Exercise details
These records contain pictures, which must be left out; copy exactly the lines from the one with "-. Feature : 100%" up to and including the one with "Tudo organizado já".

Source data
BEGIN

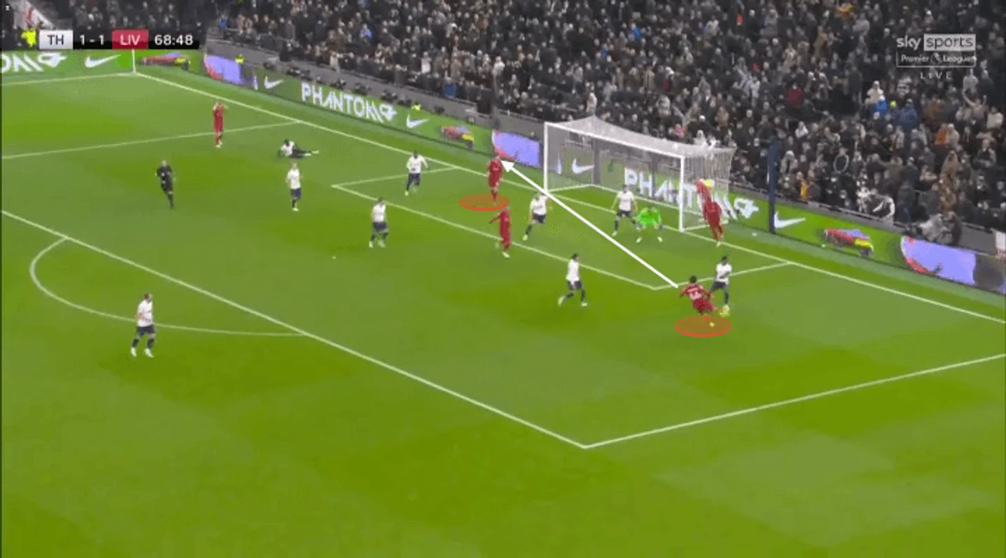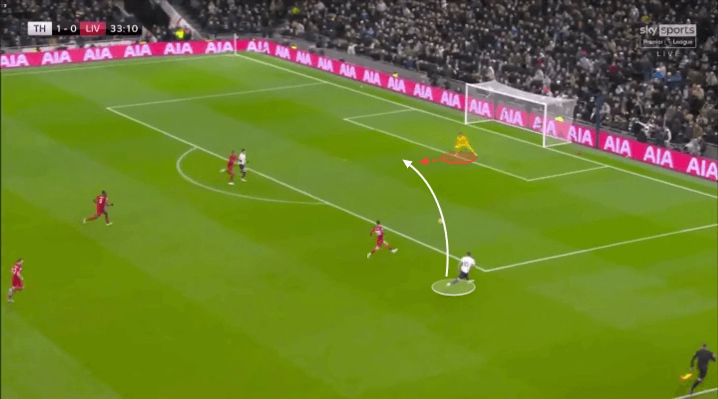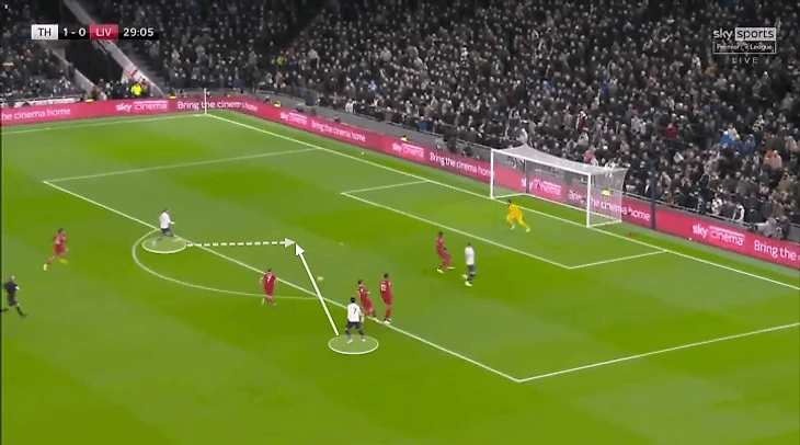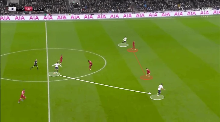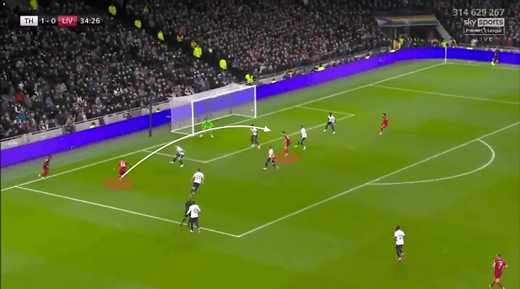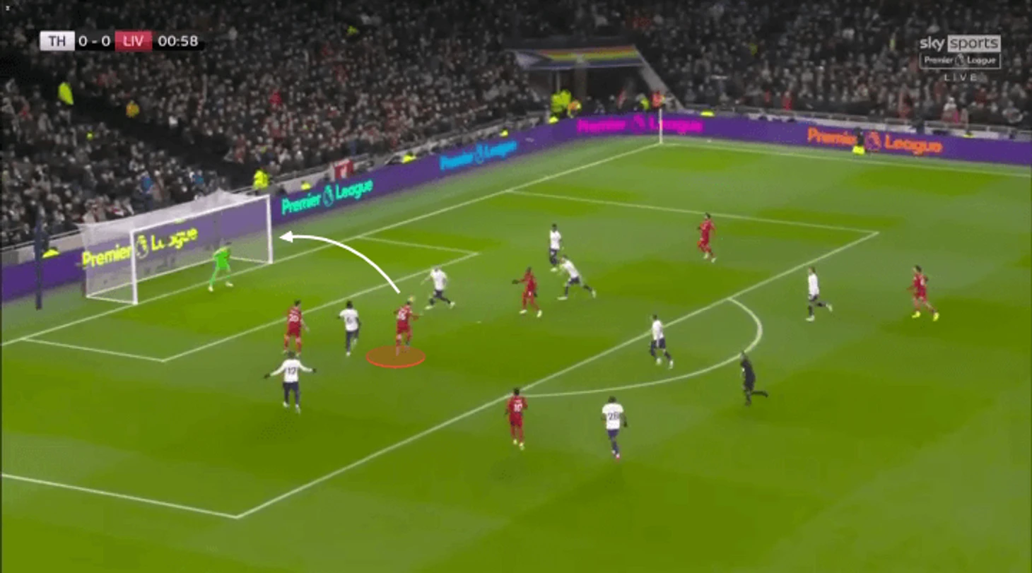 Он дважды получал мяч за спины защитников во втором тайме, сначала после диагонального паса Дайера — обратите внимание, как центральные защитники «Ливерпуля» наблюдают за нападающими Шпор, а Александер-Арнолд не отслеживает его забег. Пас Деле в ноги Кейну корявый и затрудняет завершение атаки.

END
BEGIN

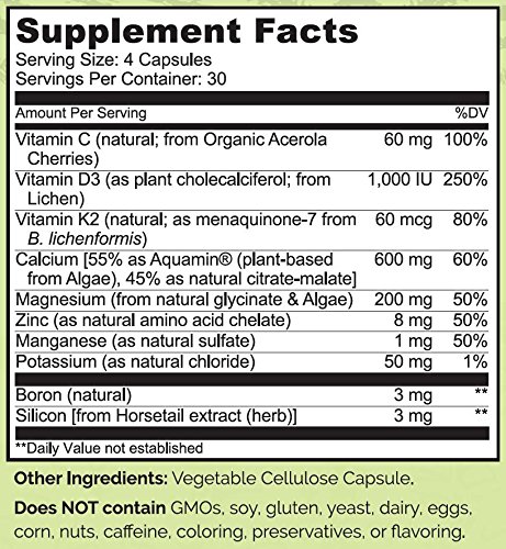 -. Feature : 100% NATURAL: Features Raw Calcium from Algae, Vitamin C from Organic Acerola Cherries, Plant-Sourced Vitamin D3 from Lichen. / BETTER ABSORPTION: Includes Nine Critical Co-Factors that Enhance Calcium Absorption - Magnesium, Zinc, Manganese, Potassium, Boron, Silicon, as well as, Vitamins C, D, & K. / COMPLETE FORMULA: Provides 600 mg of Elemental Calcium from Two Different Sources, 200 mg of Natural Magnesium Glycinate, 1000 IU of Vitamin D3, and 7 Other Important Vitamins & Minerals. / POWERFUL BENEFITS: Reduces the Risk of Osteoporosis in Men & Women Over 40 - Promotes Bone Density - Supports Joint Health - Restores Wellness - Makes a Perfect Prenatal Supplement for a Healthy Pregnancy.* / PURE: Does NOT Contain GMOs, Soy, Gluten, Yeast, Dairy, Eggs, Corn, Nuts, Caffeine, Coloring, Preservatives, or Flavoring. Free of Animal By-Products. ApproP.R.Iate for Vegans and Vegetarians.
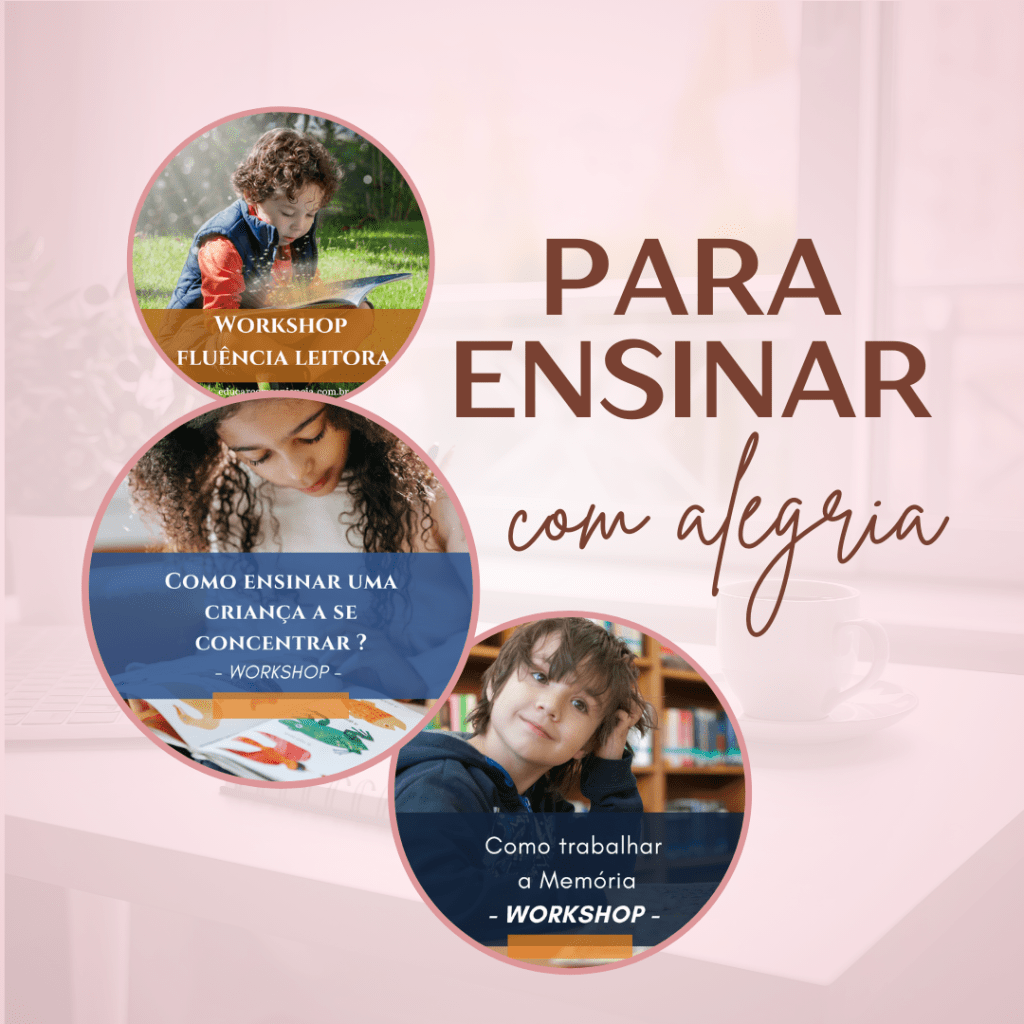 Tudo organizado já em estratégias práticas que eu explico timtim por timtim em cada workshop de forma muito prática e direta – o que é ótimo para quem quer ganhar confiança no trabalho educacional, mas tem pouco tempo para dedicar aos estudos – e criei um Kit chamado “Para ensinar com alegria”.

END
BEGIN

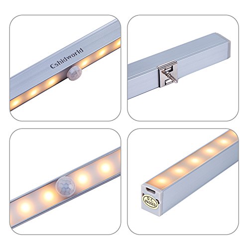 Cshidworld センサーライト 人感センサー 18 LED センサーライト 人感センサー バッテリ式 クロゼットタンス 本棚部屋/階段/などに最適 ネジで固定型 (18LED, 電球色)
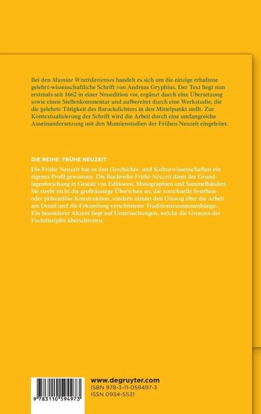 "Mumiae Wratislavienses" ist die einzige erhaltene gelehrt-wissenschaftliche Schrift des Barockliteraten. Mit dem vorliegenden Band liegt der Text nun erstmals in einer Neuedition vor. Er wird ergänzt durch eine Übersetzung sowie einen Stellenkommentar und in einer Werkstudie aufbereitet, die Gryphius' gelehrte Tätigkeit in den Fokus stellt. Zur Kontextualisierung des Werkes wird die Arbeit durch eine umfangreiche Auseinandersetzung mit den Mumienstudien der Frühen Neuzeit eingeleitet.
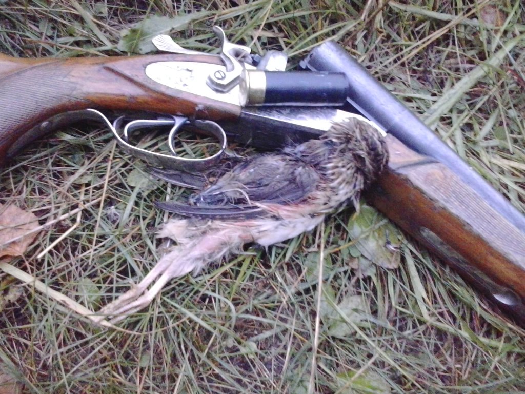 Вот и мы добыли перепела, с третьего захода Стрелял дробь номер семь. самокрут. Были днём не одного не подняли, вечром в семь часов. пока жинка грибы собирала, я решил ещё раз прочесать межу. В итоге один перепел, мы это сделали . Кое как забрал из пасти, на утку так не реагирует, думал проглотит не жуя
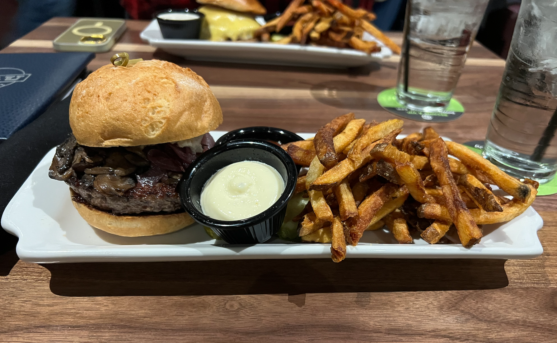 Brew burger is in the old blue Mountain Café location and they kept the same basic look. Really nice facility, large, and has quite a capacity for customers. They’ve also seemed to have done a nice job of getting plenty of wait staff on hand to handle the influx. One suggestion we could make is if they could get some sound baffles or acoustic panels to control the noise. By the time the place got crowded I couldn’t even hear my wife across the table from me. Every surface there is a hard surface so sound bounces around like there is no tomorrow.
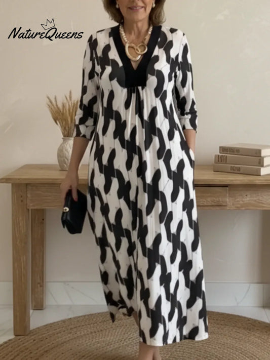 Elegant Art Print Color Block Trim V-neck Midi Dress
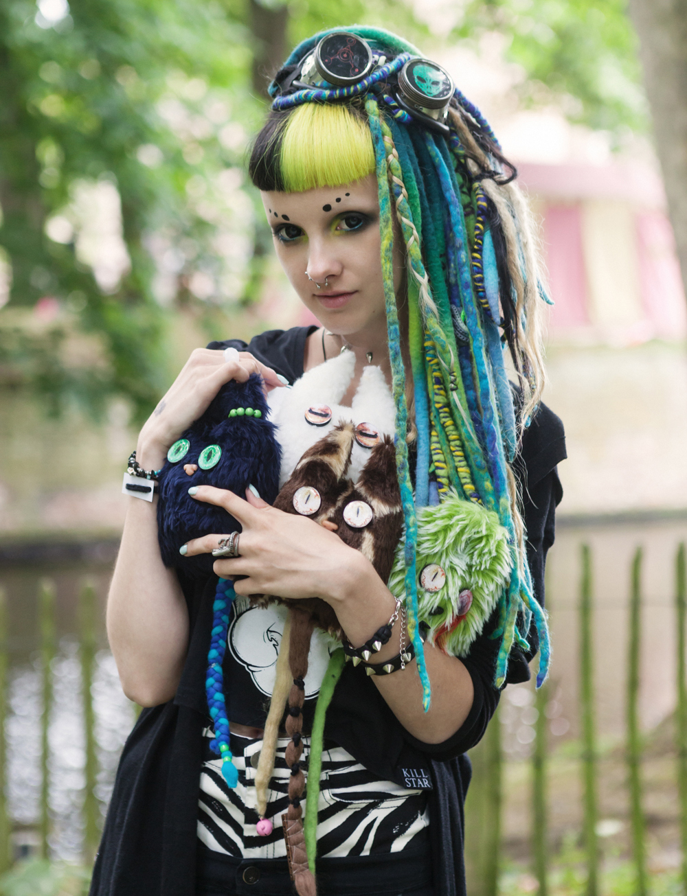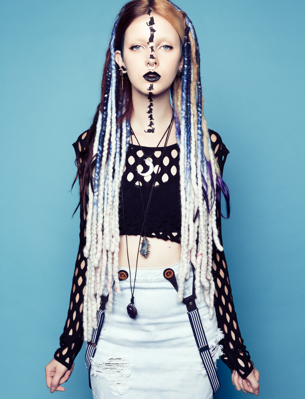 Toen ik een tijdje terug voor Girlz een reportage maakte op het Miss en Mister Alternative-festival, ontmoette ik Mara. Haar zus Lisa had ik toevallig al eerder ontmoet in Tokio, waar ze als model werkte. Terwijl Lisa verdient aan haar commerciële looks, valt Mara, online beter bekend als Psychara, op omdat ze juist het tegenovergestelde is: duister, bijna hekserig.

END

Exercise answer
 -. Feature : 100% NATURAL: Features Raw Calcium from Algae, Vitamin C from Organic Acerola Cherries, Plant-Sourced Vitamin D3 from Lichen. / BETTER ABSORPTION: Includes Nine Critical Co-Factors that Enhance Calcium Absorption - Magnesium, Zinc, Manganese, Potassium, Boron, Silicon, as well as, Vitamins C, D, & K. / COMPLETE FORMULA: Provides 600 mg of Elemental Calcium from Two Different Sources, 200 mg of Natural Magnesium Glycinate, 1000 IU of Vitamin D3, and 7 Other Important Vitamins & Minerals. / POWERFUL BENEFITS: Reduces the Risk of Osteoporosis in Men & Women Over 40 - Promotes Bone Density - Supports Joint Health - Restores Wellness - Makes a Perfect Prenatal Supplement for a Healthy Pregnancy.* / PURE: Does NOT Contain GMOs, Soy, Gluten, Yeast, Dairy, Eggs, Corn, Nuts, Caffeine, Coloring, Preservatives, or Flavoring. Free of Animal By-Products. ApproP.R.Iate for Vegans and Vegetarians.
 Tudo organizado já em estratégias práticas que eu explico timtim por timtim em cada workshop de forma muito prática e direta – o que é ótimo para quem quer ganhar confiança no trabalho educacional, mas tem pouco tempo para dedicar aos estudos – e criei um Kit chamado “Para ensinar com alegria”.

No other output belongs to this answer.